Fortunately, the Maine people took kindly to the poor immigrants and gave them food and shelter. However, 48 people were too many for the little community to support for long and so they asked the province for assistance. The Massachusetts Bay Colony noted spending 250 pounds for provisions to help the Scots-Irish. However, no record exists of the colony ever sending the relief and no one knows what became of whatever was purchased with the 250 pounds that were appropriated for the immigrant’s relief.
Neither is there any record of Captain Rowen, or Rowan, ever being charged with what clearly amounts to second-degree murder on a grand scale. Instead, Captain Rowen became governor of North Carolina in 1758.

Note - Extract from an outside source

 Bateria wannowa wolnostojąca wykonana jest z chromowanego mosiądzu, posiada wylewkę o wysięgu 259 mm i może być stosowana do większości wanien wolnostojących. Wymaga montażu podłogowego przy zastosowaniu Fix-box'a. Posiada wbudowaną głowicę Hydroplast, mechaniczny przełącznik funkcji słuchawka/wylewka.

However, the provincial governor, hearing a complaint from survivors, sent a ship to Grand Manan to pick up the remaining survivors. But since Captain Rowen had dropped survivors off at different parts of the island, a group of them were not rescued and were compelled to endure a winter on the island.

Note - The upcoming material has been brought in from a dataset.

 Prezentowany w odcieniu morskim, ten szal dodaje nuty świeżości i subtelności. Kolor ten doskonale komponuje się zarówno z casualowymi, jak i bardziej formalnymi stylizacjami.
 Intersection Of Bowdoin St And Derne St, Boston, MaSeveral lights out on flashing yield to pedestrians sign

The wretched survivors were not doomed, however, and help arrived in the form of a hunting party of Passamaquoddy hunters in April of 1741. The island was sacred to the Indians and was considered so because Dawn, the daughter of sea and sky deities, was pursued by a pack of wolves and ran toward the sea, where she was transformed into the present-day island.
It was because of Grand Manan’s role in the Passamaquoddy creation story that the Indians, who believed (and still do) that Dawn’s spirit remained on Grand Manan that they chose the island as the spot for their first hunt of each year.
And so when the Passamaquoddy men beached their canoes on the island, they were amazed to find a mother and infant child, along with nine other women. The Indians were greatly impressed that the European women had survived the winter by grubbing for shellfish, dulse and whatever else they could find that was at all edible.
It may have been because of the women’s indomitable pluck and spirit that the Indians decided against capturing them and selling them to the French at a nearby settlement. Also, the Indians were convinced that Dawn herself had protected and aided the women through the long, cold winter. So what Dawn had chosen to protect, the hunters could only follow suit.
So the Passamaquoddys chose to make the perilous 100-mile journey by sea to the English fort in St. George, Maine, carrying a letter from the women asking for help. This trip was accomplished in an open boat and was fraught with danger.
But the Passamaquoddys made it safely and delivered their message to the English, who sent a ship to Grand Manan to pick up the women. The survivors were taken back to St. George. And for some of these careworn survivors, the thought of further travel was out of the question and they remained in Maine, marrying Maine men and becoming dyed-in-the-wool Mainers.
It is interesting to note that in their time of peril it wasn’t the ship’s captain or crew that saved the survivors from certain death but rather, a group of Native Americans who risked life and limb to affect their rescue.
This event can be considered a second thanksgiving, with the Indians once again, playing the part of heroes. And according to Julia Lane, the women thereafter kept up close bonds with the local Indians in Maine at a time when Europeans were either warring with the Native Americans or were at the least, fearful and distrustful of them.
This stands as a tale worthy of retelling many times over. It illustrates how human goodness and decency on the part of the Indians saved the lives of 10 women and one infant, this at a time when their own people had abandoned them.